Many modern Christians are to be admired for their clear excelling in their work; others for their show of great enthusiasm in their productivity. Many attend worship services, attend Bible Studies, listen to Christian songs on their radios, hold offices and serve in the local church; but, a vast majority of them sense a lack in one area when it is mentioned – a sense of real consecration! What is consecration? Merriam Webster’s Collegiate Dictionary, Eleventh Edition, defines “consecrate” as: “dedicated to a sacred purpose: to devote to a purpose with or as if with deep solemnity or dedication.” In effect, it is being distinctly devoted to serve the pleasures of Almighty God and distinctly different – separated from the world!

 4. When I don’t walk with God, worship and praise become play things. (Didn’t take the place of the Lord and His worship seriously) (36:14b) “and they defiled the house of the LORD which He had sanctified in Jerusalem.”

I am deeply indebted to Pastor Jim Butcher of West Virginia for this insightful list. I share it because it captures some real truths! He called it “Six of the Biggest Lies about Worship” (I adapted only the wording, but not the thoughts – they are all his):

1. Lie #1: Worship is when we talk about God. NO! Worship is when we come into the presence of God (Psalm 22:23; Psalm 50:15; Revelation 4:9-11). Theologian and author Frederick Buechner: “For many years now I have taken to going to church less and less because I find so little there of what I hunger for. It is a sense of the presence of God that I hunger for.”
2. Lie #2: Good worship leaves me feeling pleased. NO! Good worship leaves God feeling pleased. (If you aren’t wa;king right, it’ll leave you miserable! Ephesians 5:10 (NIV) – “. . . find out what pleases the Lord.” Many Christians believe that they are the audience; in truth, God is the audience.
3. Lie #3: In worship, the focus is on the people on stage. NO! In worship, the focus is on God. (Isaiah 6). We must take the focus off the performance and put it on the praise.
4. Lie #4: Good worship happens when the music and sermon are good. NO! Good worship happens when we meet with God and know the truth of Who He is and who we are. (John 4:21-24). We don’t want to lead you poorly, but leading in the end it’s far more important that all our hearts are in tune than that our instruments are in tune.
5. Lie #5: Worship happens in church. NO! Personal worship is an everyday thing. (Psalm 35:28; Psalm 119:164). Worship happens when we are open to the reality and presence of God. “Trying to genuinely worship publicly without having had significant times of private worship is attempting to bring up something that just isn’t there.”
6. Lie #6: Im willing to worship if this thing takes off. NO! I’m willing to worship if it’s me alone. (John 12:43). Many of us are willing to jump on the bandwagon if a sermon or a service gets going, but we are supposed to have a passion for worship that gives us the desire to be a leader and not a follower when it comes to worship. We are to be yielding ourselves to the Spirit without consideration of others’ actions or motives within a worship service. We came to worship, even if we’re the only one really giving our heart.

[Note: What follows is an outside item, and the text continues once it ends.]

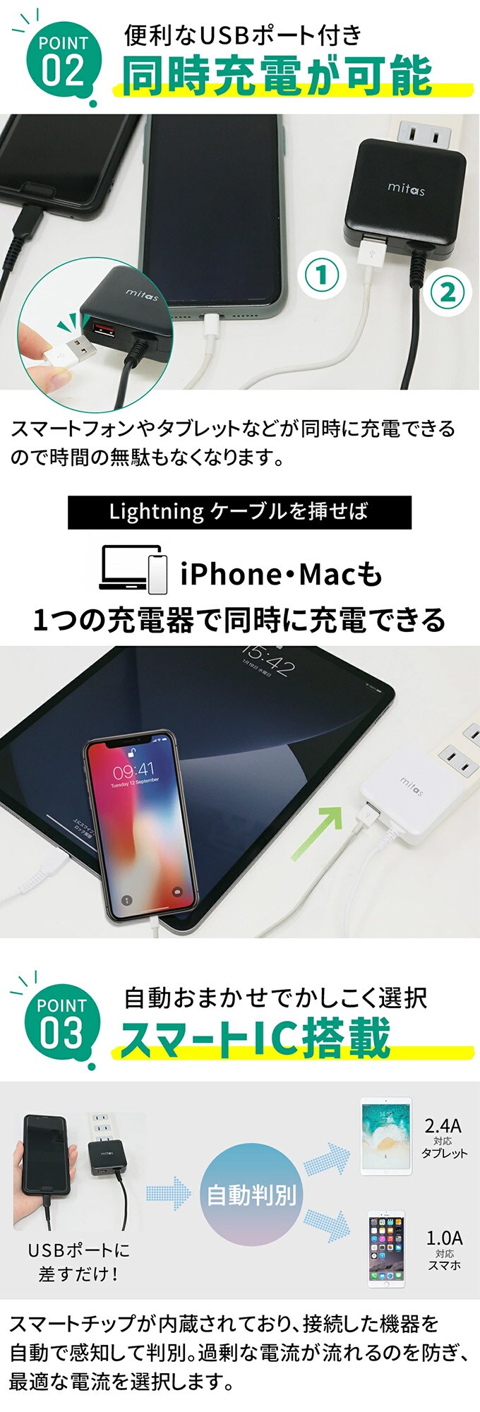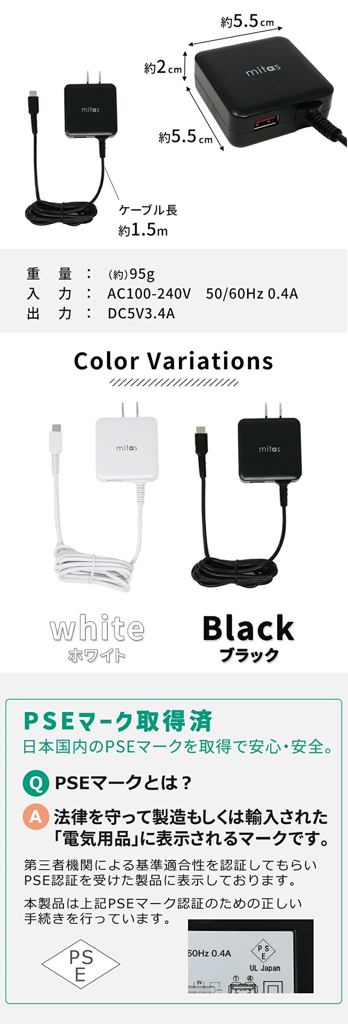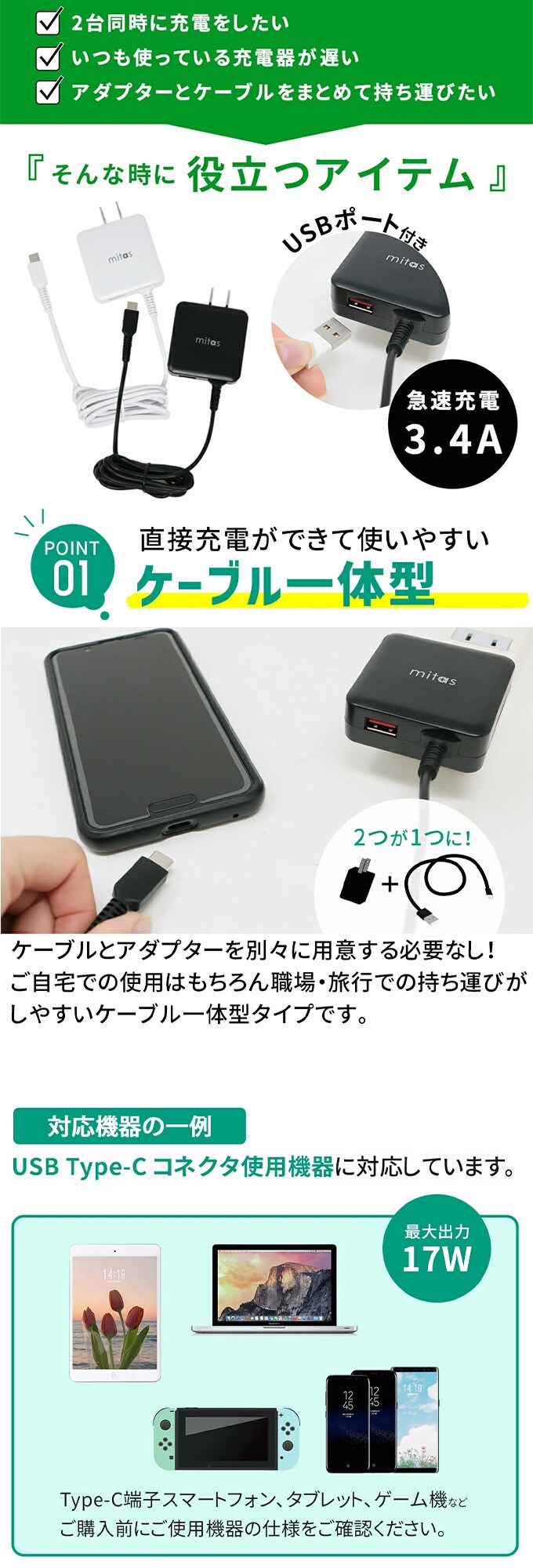 Type-C+USB 一体型 ACアダプタ (ブラック) | USBType-Cケーブルが一体になった、計3.4A高出力の充電器。USBポートも搭載

 5. When I don’t walk with God, other believers are a joke to me. (Didn’t take those who offered the Word of God seriously, but made light of them) (36:15-16a) “15 The LORD, the God of their fathers, sent word to them again and again by His messengers, because He had compassion on His people and on His dwelling place; 16 but they continually mocked the messengers of God…”

 6. When I don’t walk with God, what God says is unimportant and even ridiculous to me. (Didn’t take the message of God seriously) (36:16b) “…despised His words and scoffed at His prophets, until the wrath of the LORD arose against His people, until there was no remedy. “
God’s response:

 1. I will lose all the illusion of control and protection (God defeated their army) (36:17a) “Therefore He brought up against them the king of the Chaldeans who slew their young men with the sword in the house of their sanctuary, “

 2.  I will lose my dreams for a future (God cut down their young) (36:17b) “and had no compassion on young man or virgin,“

 3. I will lose people who link me to my past (God eliminated their old) (36:17b) “old man or infirm; He gave them all into his hand.”

 4. I will lose all the things that helped me feel close to God at points in my life (God stripp
ed them of their symbolic Temple treasures) (36:18) “All the articles of the house of God, great and small, and the treasures of the house of the LORD..”

 5. I will lose all my accumulated wealth (God took away all of their wealth of the powerful) (36:18b) “and the treasures of the king and of his officers, he brought them all to Babylon.”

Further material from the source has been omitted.